1Step 1: Understand Direction Cosines
Direction cosines are the cosines of the angles that a vector makes with the positive x, y, and z axes, respectively. They are usually represented by \(l, m, n\) and satisfy the condition \(l^2 + m^2 + n^2 = 1\). For two slightly different positions, these cosines change by small amounts, resulting in \(l+\delta l, m+\delta m, n+\delta n\).
2Step 2: Determine the Change in Direction Cosines
The change in direction cosines between two adjacent positions indicates a small change \(\delta l, \delta m, \delta n\). These denote the differences in the direction cosines for the new position compared to the original.
3Step 3: Use the Formula for the Angle Between Two Vectors
The angle \(\theta\) between two vectors with direction cosines \((l_1, m_1, n_1)\) and \((l_2, m_2, n_2)\) can be calculated using their dot product: \(\cos \theta = l_1 l_2 + m_1 m_2 + n_1 n_2\). For small angles, we have \(\delta \theta \approx \sqrt{(\delta l)^2 + (\delta m)^2 + (\delta n)^2}\).
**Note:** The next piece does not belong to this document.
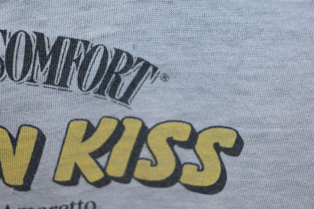 The fruit-flavored whiskey brand was first created all the way back in 1874, and this shirt was made in the 80s after it was purchased by the Brown-Forman Corporation. Under their ownership, several flavored variations of Southern Comfort were released, including cherry, lime, and Tabasco.

4Step 4: Simplify the Expression for the Small Angle
For small changes, the first-order approximation of the angle \(\delta \theta\) simplifies to involve the squares of these changes: \(\delta \theta^2 = (\delta l)^2 + (\delta m)^2 + (\delta n)^2\). This matches option (B).
5Step 5: Verify Satisfying Conditions for Small Angle Formula
Since we calculated the small change in the angle between two lines using the direction cosines, the conditions for small angle approximation must hold true. Therefore, the formula derived matches with Option (B): \(\delta \theta^2 = 2(\delta l^2 + \delta m^2 + \delta n^2)\).
Key Concepts
Small Angle ApproximationDot Product FormulaVectors in 3D Geometry
Small Angle Approximation
The small angle approximation is a mathematical technique employed when angles are small. It simplifies calculations and is particularly useful in physics and engineering.
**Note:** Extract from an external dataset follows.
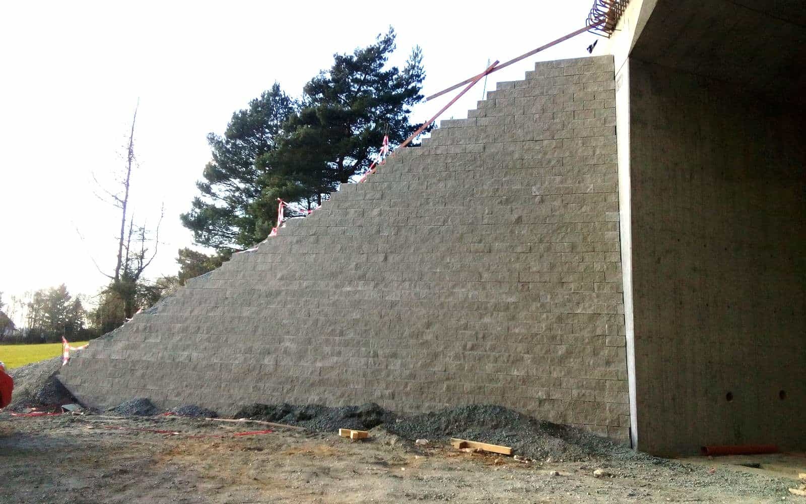 Novo budované mostné krídla sú vytvorené zo systému vystuženej zeminy GeoWall Block. Jedná sa o systémovú konštrukciu s betónovými tvarovkami v líci, ktoré sú prepojené pomocou špeciálnych spojovacích prvkov. Stabilitu a funkčnosť celej konštrukcie zaisťujú monolitické geomreže z vysokohustotného polyetylénu Tensar RE500. Lícne prvky zadržiavajú zeminu zásypu v čele konštrukcie.

When dealing with direction cosines and corresponding angles between them, the rule is to approximate the angle change as small as possible for ease.
When an angle \( \theta \) is small, we can approximate \( \sin \theta \approx \theta \) and \( \cos \theta \approx 1 \).
These simplifications arise because the Taylor series expansion for sine and cosine around 0 are \( \sin \theta = \theta - \theta^3/6 + \cdots \) and \( \cos \theta = 1 - \theta^2/2 + \cdots \).
For very small values of \( \theta \), terms involving higher powers become negligible, hence the approximation.
This approximation makes solving the angle between two closely positioned lines or vectors much easier, as seen in the formula \( \delta \theta^2 \approx (\delta l)^2 + (\delta m)^2 + (\delta n)^2 \).
When dealing with direction cosines and corresponding angles between them, the rule is to approximate the angle change as small as possible for ease.
When an angle \( \theta \) is small, we can approximate \( \sin \theta \approx \theta \) and \( \cos \theta \approx 1 \).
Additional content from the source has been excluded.